In Q1 2018, Infinity Trust made N215.3 million and N58.9 million as turnover and profit after tax compared with a turnover and PAT of N205.8 million and N58.2 million respectively in Q1 2017. The decline in turnover in Q1 2020, whereas that was not the case in Q1 2019 and Q1 2018, has made market watchers to conclude that many listed firms could be affected by COVID 19 when their Q1 results are released to the public.
Another listed firm, Africa Prudential, saw its gross earnings for the first quarter of 2020 decline by 14 percent to N743 million as against N869 million in the corresponding quarter of 2019. A deeper dive into its revenue sources shows that the firm made no earnings from retainership services in the first quarter of 2020, whereas in Q1 2019 it realised N116.50 million from the same services. Apart from that, fees from corporate actions fell sharply by 86 percent to N15.33 million compared with N111.5 million it earned same period in 2019.

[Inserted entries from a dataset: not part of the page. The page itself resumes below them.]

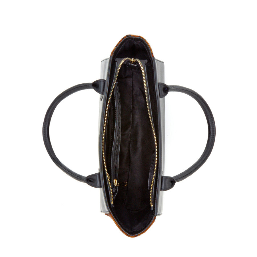 The Jody is a highly versatile color-blocked tote bag and ready to mix and match with all of your favorite ensembles. Fashioned out of luxurious genuine leather, it is secured by a top zip closure. Its fabric-lined interior is outfitted with 2 interior zipper pockets and 2 interior cell phone slips to keep you organized all day long. The double handles let you slip the back onto your shoulder, arm or wrist for versatile carrying.
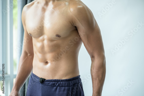 © kavee29, Fototapeta premium muscular young man with dumbbell healthy concept
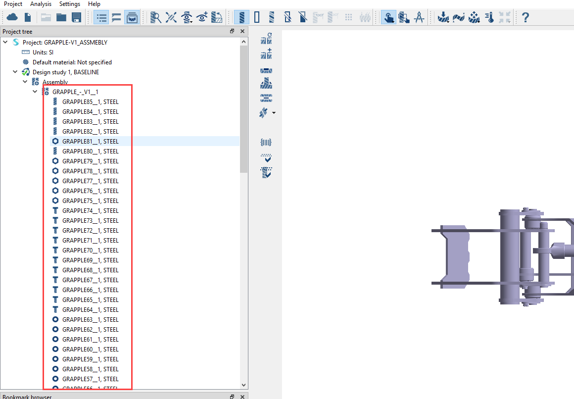 装配将加载到模型视窗中。钢被施加于零件。
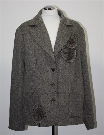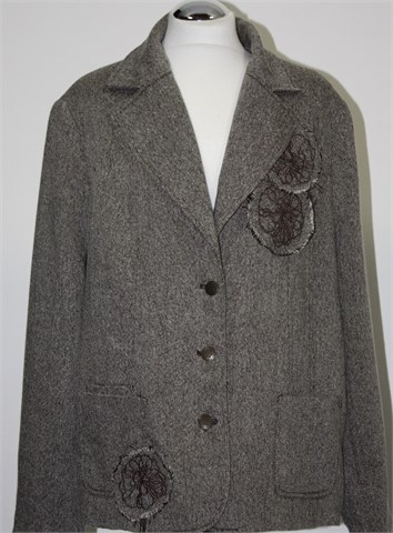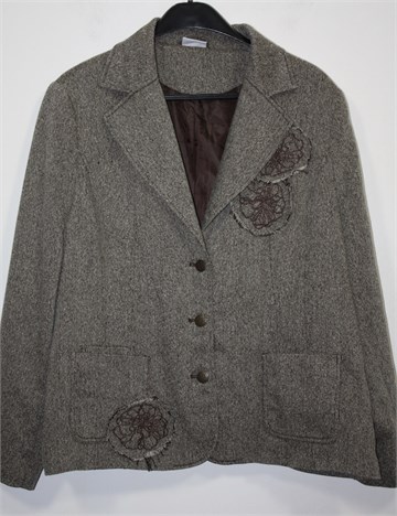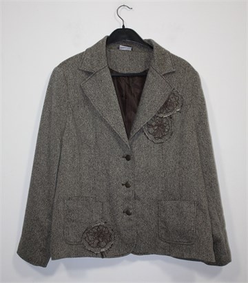 Maxi Blue sako/kaputić prošarano smeđe-bež boje. Prednje kopčanje, bočni džepovi. Sa prednje strane našiveni prišivci sa cvjetnim aplikacijama od konca (ocufani rubovi). Jastučići u ramenima (ušiveni), podstavljen. Materijal je deblji štof/tvid.
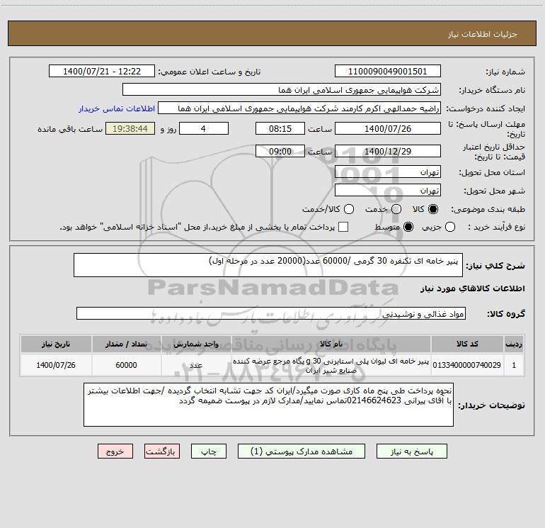 شرح کلی نیاز: پنیر خامه ای تکنفره 30 گرمی /60000 عدد(20000 عدد در مرحله اول)
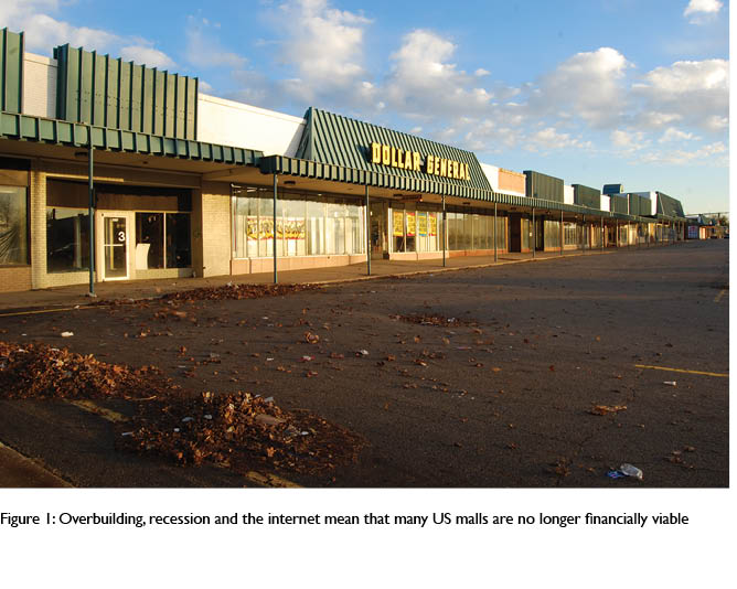 The growth of shopping malls paralleled the rise of suburbia in the 1950s through to the 1970s. Planners then had little regard for fuel economy, the environment or for fostering walkable spaces. This exuberant period of growth in America did not last, however, and many shopping malls around the country are failing or abandoned.3 Of the 2,000 regional shopping malls nationwide in 2001, 19% were considered in danger by the Congress for the New Urbanism and PricewaterhouseCoopers. In many cases, poor economic performance was compounded by site or location characteristics that made a turnaround unlikely as long as a conventional retail mall format was retained. This has created areas known as “greyfields”, largely abandoned or underused spaces that nevertheless offer opportunities for mixed-use areas that combine work, home and other facets.
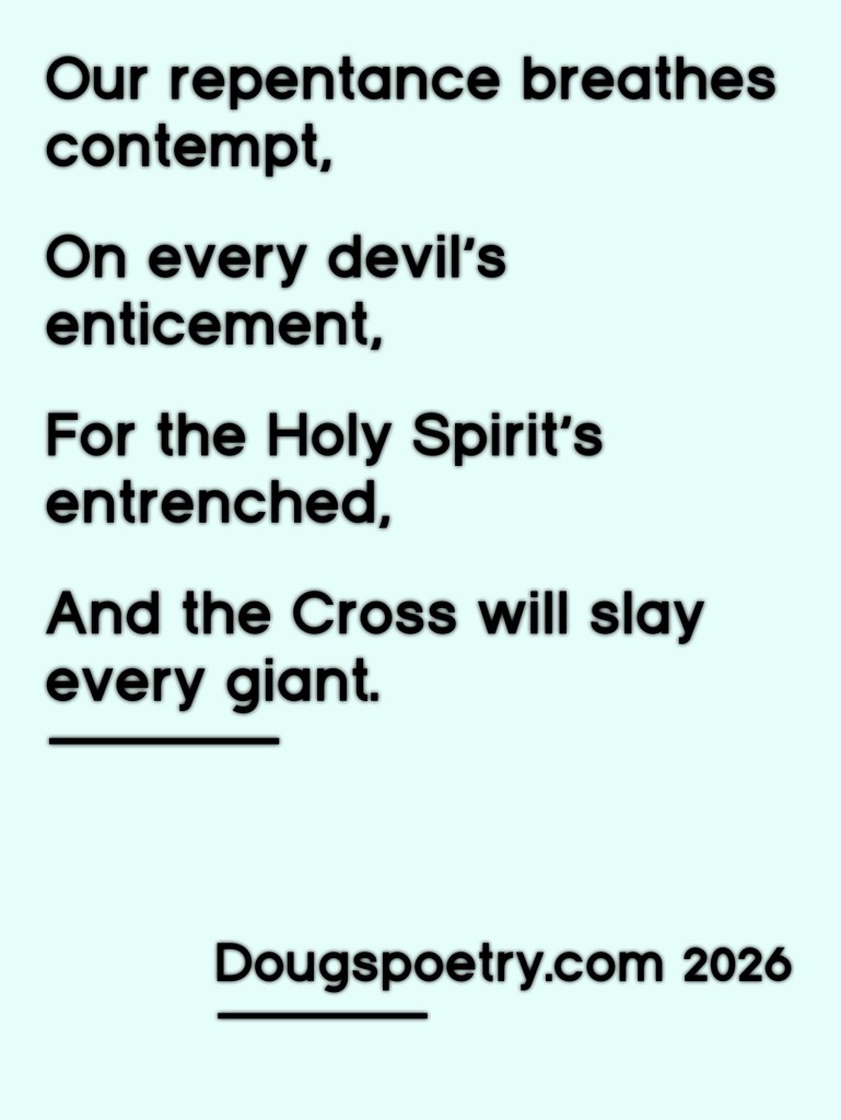 Every Giant Posted bydougspoetryApril 18, 2026Posted inChristian, Poetry, ReligionTags:Calvary, Christian, Grace, Hope, Jesus, Poem, Poetry, Redemption, Religion Share this: Share on Facebook (Opens in new window) Facebook Share on X (Opens in new window) X Like Loading... Published by dougspoetry I am an avid poet, writing about life and faith. View more posts
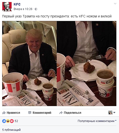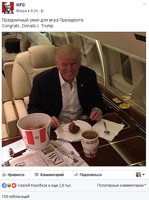 KFC поздравили Трампа "совместной" фотографией и предположили, что первый указ президента будет связан с их рестораном.
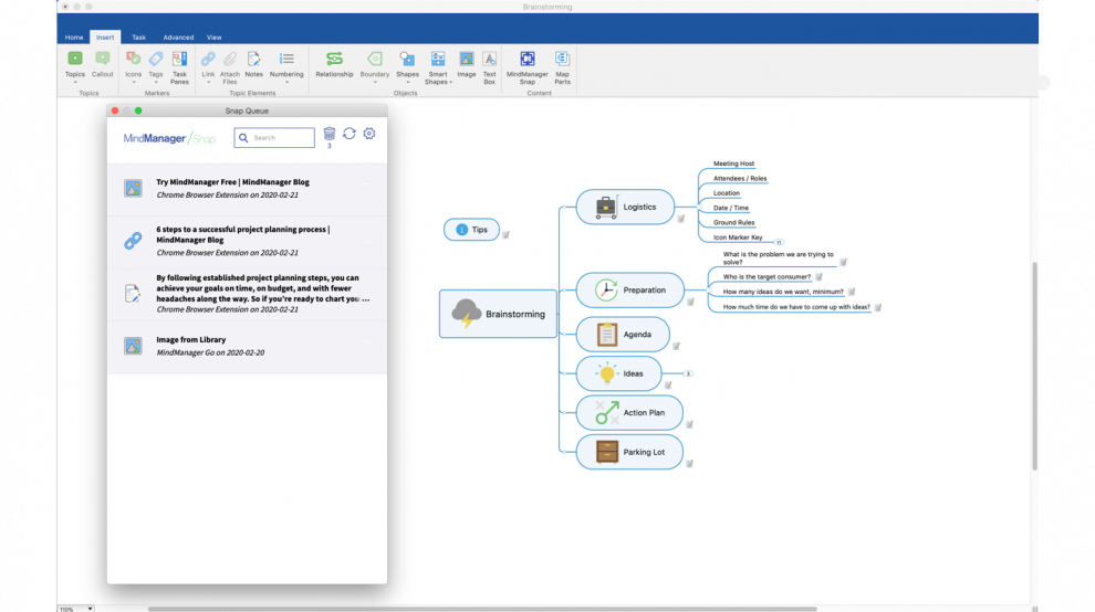 Recueillez du contenu à tout moment et ajoutez-le à votre file d’attente pour une utilisation ultérieure avec MindManager Snap
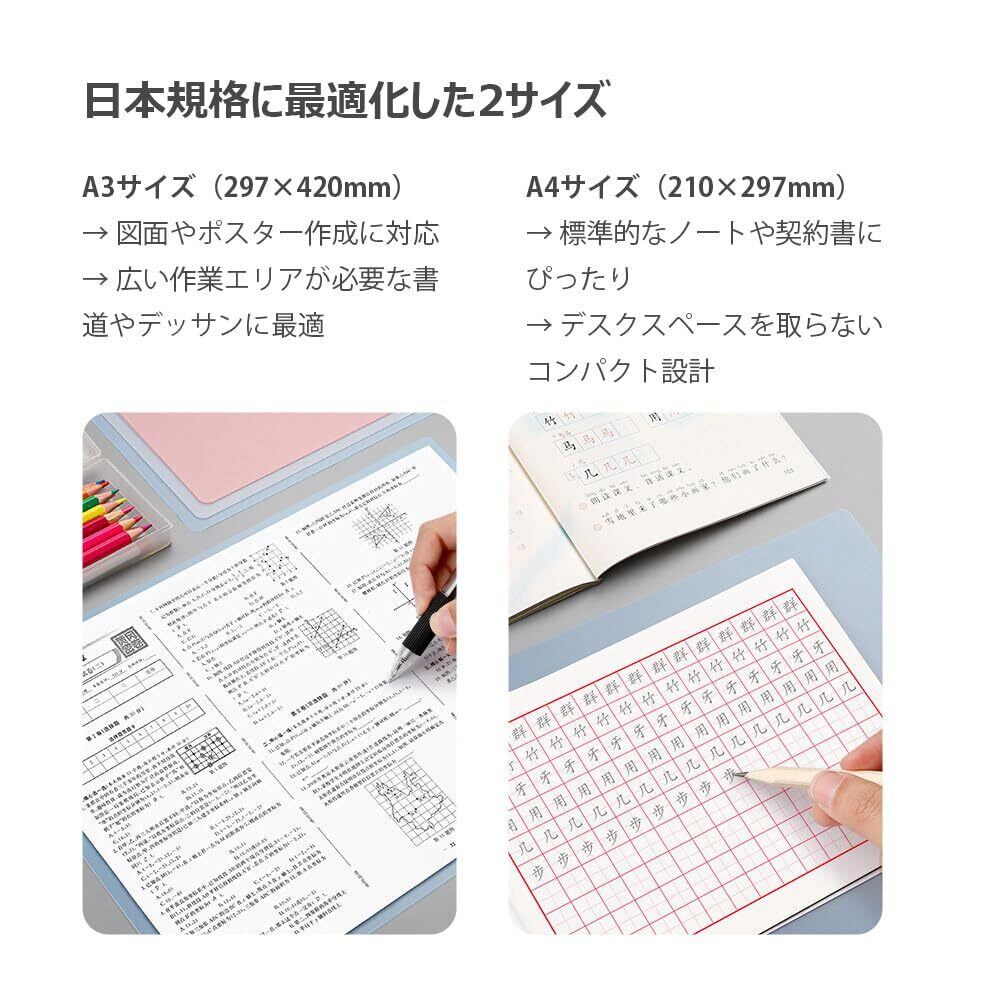 5. 日本規格のダブルサイズ ・A4(210×297mm):契約書/テスト用紙に最適 ・A3(297×420mm):図面/ポスター制作対応 ✓ 机のサイズに合わせて縦横両用で設置可能
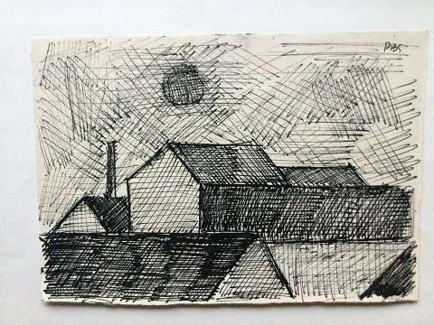 Peder Brøndum Sørensen (1931-2001): Fabriksbygninger Tusch på papir monteret på større ark 21x30. Sign.: PBS. Uden ramme. 14x20
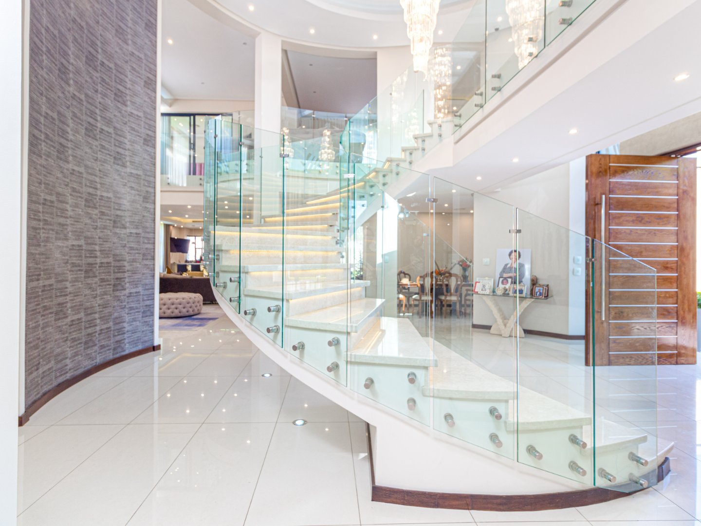 * Spectacular glass staircase leading to the bedrooms upstairs,
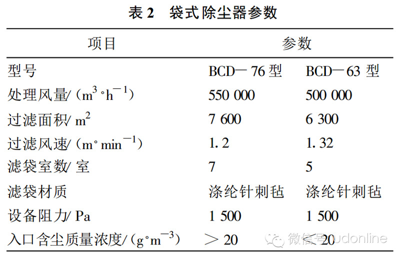 袋(dài)式(shì)除塵器參數見表 2 。
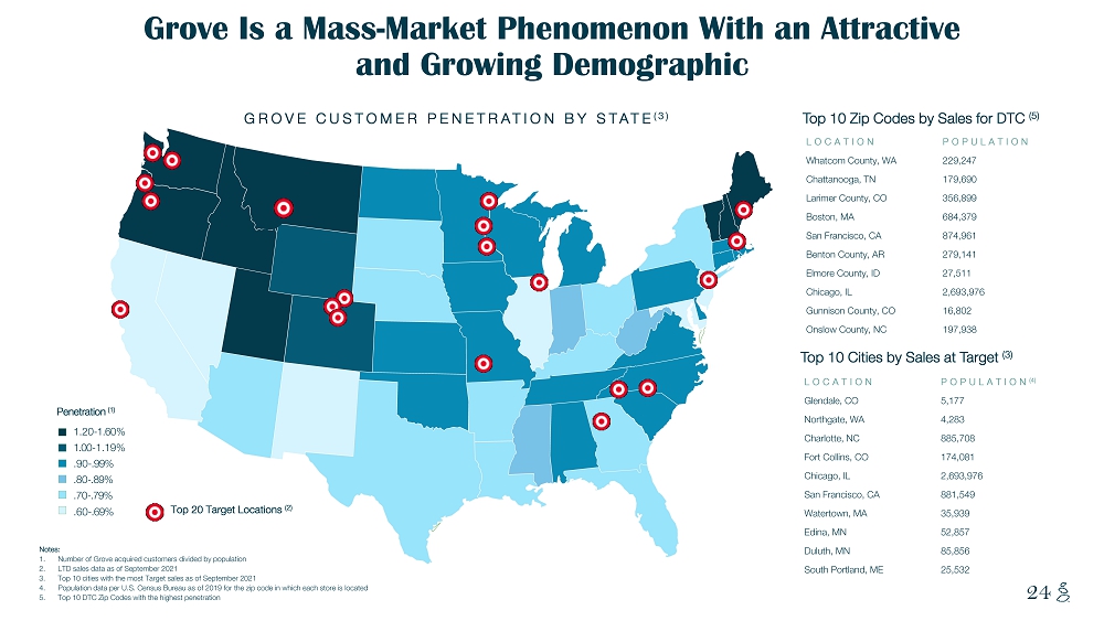 NOTES START FROM HERE AND GROW UP CONTENT BELOW THIS LINE CONTENT BELOW THIS LINE SUBTITLE BELOW THIS LINE TITLE CAN NOT GO ABOVE THIS LINE 24 Grove Is a Mass - Market Phenomenon With an Attractive and Growing Demographic Penetration (1) .60 - .69% .70 - .79% .80 - .89% .90 - .99% 1.00 - 1.19% 1.20 - 1.60 % Top 20 Target Locations (2) Notes: 1. Number of Grove acquired customers divided by population 2. LTD sales data as of September 2021 3. Top 10 cities with the most Target sales as of September 2021 4. Population data per U.S. Census Bureau as of 2019 for the zip code in which each store is located 5. Top 10 DTC Zip Codes with the highest penetration LOCATION POPULATION (4) Glendale, CO 5,177 Northgate, WA 4,283 Charlotte, NC 885,708 Fort Collins, CO 174,081 Chicago, IL 2,693,976 San Francisco, CA 881,549 Watertown, MA 35,939 Edina, MN 52,857 Duluth, MN 85,856 South Portland, ME 25,532 LOCATION POPULATION Whatcom County, WA 229,247 Chattanooga, TN 179,690 Larimer County, CO 356,899 Boston, MA 684,379 San Francisco, CA 874,961 Benton County, AR 279,141 Elmore County, ID 27,511 Chicago, IL 2,693,976 Gunnison County, CO 16,802 Onslow County, NC 197,938 Top 10 Zip Codes by Sales for DTC (5) Top 10 Cities by Sales at Target (3) GROVE CUSTOMER PENETRATION BY STATE (3)
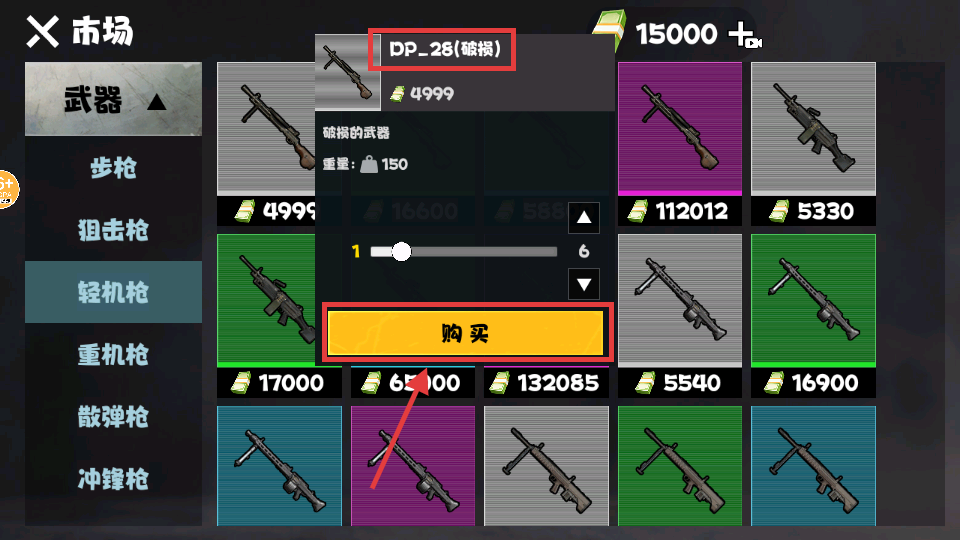 1、在市场轻机枪栏购买【DP-28(破损)】,消耗【4999】金币,增强初期战斗能力。

In Q1 2018, Africa Prudential generated N957.80 million, an increase of 49 percent over N641.55 million it realised in Q1 2017. For that period, retainership fees amounted to N122 million, slightly higher than N120 million made from the same source in the first quarter of 2017. Fees from corporate actions saw an improvement from N22.9 million in Q1 2017 to N24.2 million in Q1 2018.
Our analysis shows that the reduction in gross earnings from N957.8 million in Q1 2018 to N869.4 million in Q1 2019 was because of the declining yield environment while the decline in Q1 2020 revenue was attributed to the rampaging coronavirus.
“Globally, this year had kicked off on an unprecedented note, with the unanticipated spread of the coronavirus disrupting economic activities all across the globe, Nigeria inclusive. The COVID19 pandemic had threatened the smooth operations of our business and that of our clients’ mounting enormous pressure on our revenue sources particularly the Revenue from contract with customers, the resultant effect was the reduction recorded in our gross earnings for Q1 2020.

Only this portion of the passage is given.